I don’t know how many times in the last few years I have heard people complaining about “apathy” – but this is certainly something one hears so often that it is in danger of becoming a cliché.

And yet, I frequently find that, when there is a topic of real importance to people locally, the locals turn out to be anything but apathetic.

I will never forget the huge congregation that gathered in the church at Bradpole when there was a threat to the local sub post office, or the meeting on the Sustainable Communities Bill that had to be moved from the Bridport Town Hall to the United Reform church down the road because the numbers exceeded health and safety limits, or the numbers of people who came to talk about the Three Cups Hotel in Lyme Regis, the biodigester in the Piddle Valley and the village shop in Thorncombe.

When people feel that their quality of life is really affected by something that they think they might be able to do something about, they turn up in large numbers and they display anything but apathy.

I had the same experience a few days ago when I chaired a public meeting about youth facilities in Lyme.

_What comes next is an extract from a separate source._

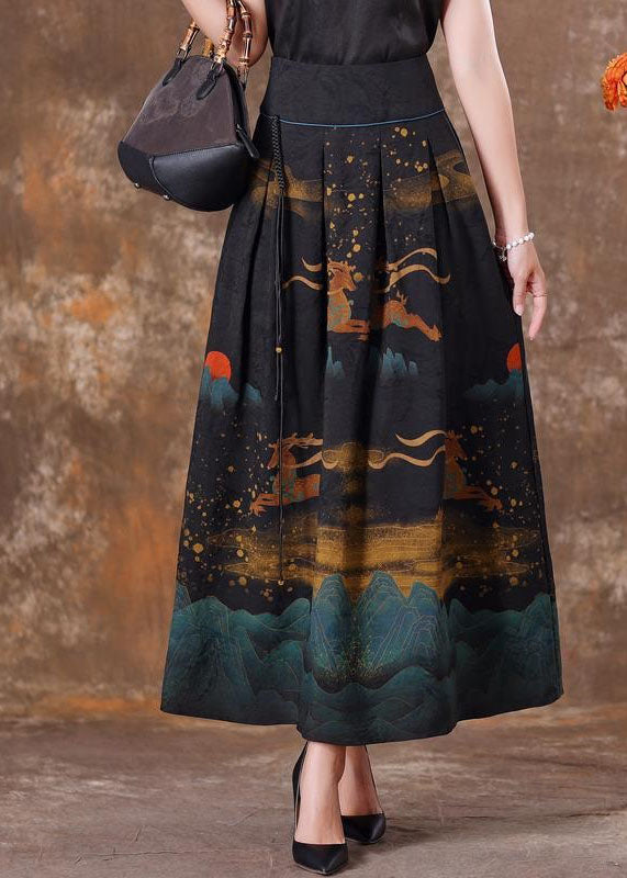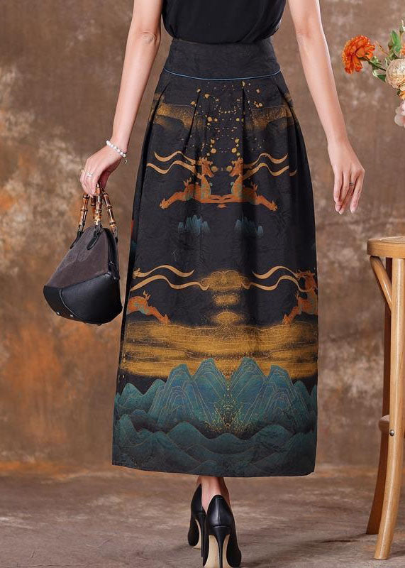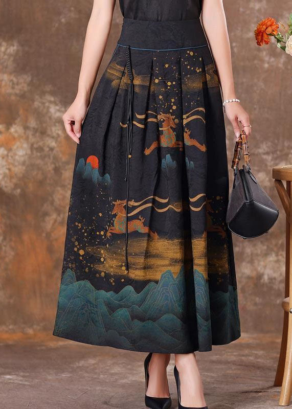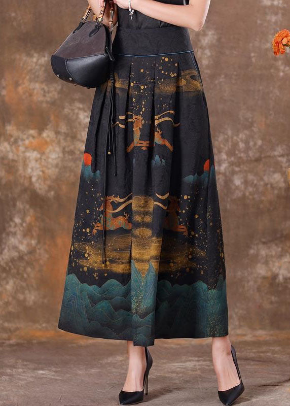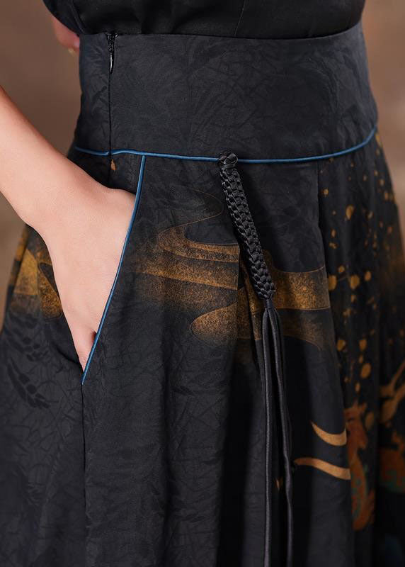 Chinese Style Black Wrinkled Tasseled Pockets Print Silk Skirt Spring

Any suggestion that the grown-ups in the west of West Dorset don’t care about providing more things for young people to do is, I can testify, completely false. The hall at the primary school was packed with adults who very clearly cared a lot about this problem. They had strong views, and they weren’t shy about expressing them. Any dispassionate observer would also have been bound to admit that the many people who spoke were articulate, polite, rational and well-informed. This was definitively not a screaming crowd: it was a group of mature people trying to solve a real issue.

What’s more, as the meeting progressed, it became clear that the solution which I had at first imagined might find favour was not going to achieve anything like a consensus – and a different solution gradually emerged. By the end, a show of many hands indicated that there was a way forward which was at least worth trying.

Of course, a public meeting of this kind is no substitute for the hard work that will now need to be done by professionals in the County’s youth services and others to put together a workable plan. And then there are all sorts of other hoops that will need to be gone through – consulting young people themselves, and working with Woodroffe School, Trustees of the Club for Young People, the Town Council, the Development Trust and others besides.

But there is all the difference in the world between a proposal which starts its life in a meeting of many locals whose views are based on genuine, personal understanding, and a scheme that merely descends from on high.

When local people are engaged in a process of collaborative democracy, there is at least a real chance of arriving at solutions that will stand the test of time. This surely has to be the shape of things to come.